Memorial Day is about those men and women who lie in unmarked graves at places near Monmouth and Guilford Courthouse. It is about those men and women who lie at the Mexico City National Cemetery and on the hallowed grounds of Arlington. It is about those men and women who find rest far from our shores in the Philippines, Panama and Tunisia. Who find rest in the Old Country at places like Normandy, Luxembourg American Cemetery and Memorial, and Sicily-Rome American Cemetery and Memorial. It is about those men and women, our honored dead, who rest across America in cemeteries and veterans' parks. The American Battle Monuments Commission oversees these resting places, these hallowed pieces of America throughout the world, places worthy of our time and attention.

Abraham Lincoln understood and eloquently expressed this honor given to our fallen:

The mystic chords of memory, stretching from every battlefield and patriot grave to every living heart. . .should swell into a mighty chorus of remembrance, gratitude and rededication on this solemn occasion.

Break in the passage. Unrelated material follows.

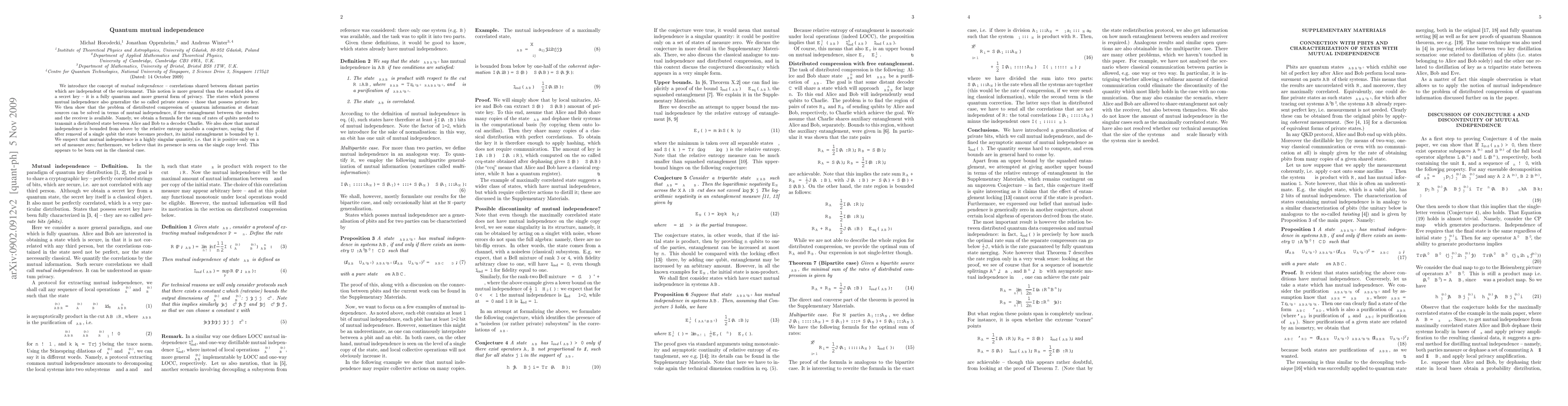 We introduce the concept of mutual independence -- correlations shared between distant parties which are independent of the environment. This notion is more general than the standard idea of a secret key -- it is a fully quantum and more general form of privacy. The states which possess mutual independence also generalize the so called private states -- those that possess private key. We then show that the problem of distributed compression of quantum information at distant sources can be solved in terms of mutual independence, if free entanglement between the senders and the receiver is available. Namely, we obtain a formula for the sum of rates of qubits needed to transmit a distributed state between Alice and Bob to a decoder Charlie. We also show that mutual independence is bounded from above by the relative entropy modulo a conjecture, saying that if after removal of a single qubit the state becomes product, its initial entanglement is bounded by 1. We suspect that mutual independence is a highly singular quantity, i.e. that it is positive only on a set of measure zero; furthermore, we believe that its presence is seen on the single copy level. This appears to be born out in the classical case.

Please take a little time this Memorial Day to honor them. And then, enjoy the BBQ and other activities. But, please, honor them and give them pause.

Please also participate in The National Moment of Remembrance:

The National Moment of Remembrance, established by Congress, asks Americans wherever they are at 3 p.m., local time, on Memorial Day to pause in an act of national unity (duration: one minute).The time 3 p.m. was chosen because it is the time when most Americans are enjoying their freedoms on the national holiday. The Moment does not replace traditional Memorial Day events; rather it is an act of national unity in which all Americans, alone or with family and friends, honor those who died for our freedom. It will help to reclaim Memorial Day as the sacred and noble holiday it was meant to be. In this shared remembrance, we connect as Americans.


Wherever you are, observe the Moment at 3 p.m., local time, on Memorial Day. Ask others to remember—relatives, friends, church, neighborhood, or co-workers to observe the Moment at places such as your neighborhood, local pool, picnic grounds, etc., for one minute of Remembrance. Participation can be informal as ringing a bell three times to signify the Moment.


To provide a time of Remembrance for America’s fallen and to make a commitment to give something back to our country in their memory.To have Americans participate in an act of national unity and demonstrate gratitude and respect for those who died for freedom since the founding of our Nation.To provide a sense of history to our citizens and ensure that younger generations understand the sacrifices made to preserve our liberties.